Convert between the array and a compact JSON representation with run-length encoded deletions (SerializedSparseArray<T>). For example, the sparse array ["foo", "bar", , , , "X", "yy"] serializes to [["foo", "bar"], 3, ["X", "yy"]].
Iterate over present values only.
Convert between a count c and the c-th present entry.

For ordinary array tasks, SparseArray aims to have comparable memory usage and acceptable speed relative to an ordinary Array. However, indexed accesses are slower, due to internal searches.

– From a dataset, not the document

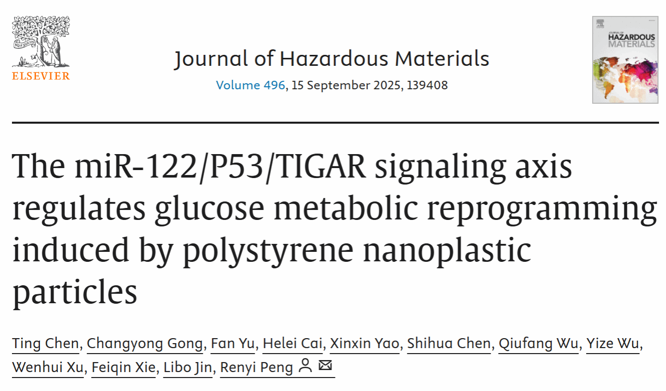 近日,sunbet申愽官网生命与环境科学学院彭仁义课题组在中科院一区期刊《Journal of Hazardous Materials》(IF=11.3)发表了题为“The miRNA-122/P53/TIGAR signaling axis regulates glucose metabolic reprogramming induced by polystyrene nanoplastic particles”最新研究。该研究聚焦聚苯乙烯纳米塑料(PS-NPs)污染这一全球性威胁,深入探究其通过靶向miRNA-122对糖代谢重编程的复杂影响机制。

For special cases, SparseString and SparseIndices implement the same functionality with additional optimizations:

SparseString is functionally identical to a SparseArray with single-char values, but it uses strings (e.g. "abc") instead of arrays (e.g. ["a", "b", "c"]) in its internal state and serialized form. This typically uses less memory (2x in our benchmarks) and results in smaller JSON, though with a slight cost in mutation speed. SparseString<E> can also contain embedded objects of type E (e.g., an image inline in a text document), each taking the place of one char.
SparseIndices is functionally identical to a SparseArray, except that it only stores which indices are present, not their associated values. This typically uses much less memory (4x in our benchmarks) and results in much smaller JSON.

Example Use Cases

I use this package in collaborative situations, where individual users perform actions in order, but some of these actions may be deleted/undone/not-yet-received - causing sparsity.

Collaborative text/list editing: Group sequential insertions by a single user into "bunches", which map a bunch ID to its sequence of values. Later, some values may be deleted, making the sequence sparse.
- This is how list-positions represents the state of a List<T>: as a Map<bunchID, SparseArray<T>>.
General collaboration or peer-to-peer networking: Track which messages you've received from another user/peer using a SparseIndices. Typically, this will be a single number ("all messages 0 through n-1"), but dropped/reverted messages could make the indices sparse.
- A Map<peerID, SparseIndices> generalizes vector clocks and provides a space-optimized alternative to dotted vector clocks, described here.

Usage

Create and mutate a sparse array:

import { SparseArray } from "sparse-array-rled";

const arr = SparseArray.new<string>();
arr.set(0, "a");
arr.set(1, "b");
arr.set(1, "c");
arr.set(4, "d");
arr.delete(0);

console.log([...arr.entries()]); // Prints [[1, 'c'], [4, 'd']]

Basic queries:

arr.get(1); // 'c'
arr.get(4); // 'd'
arr.get(0); // undefined
arr.get(10000); // undefined

arr.has(1); // true
arr.has(0); // false

// Length is the last present index + 1 (or 0 if empty).
console.log(arr.length); // Prints 5
// Note: All methods accept index arguments `>= this.length`, acting as if
// the array ends with infinitely many deleted indices (empty slots).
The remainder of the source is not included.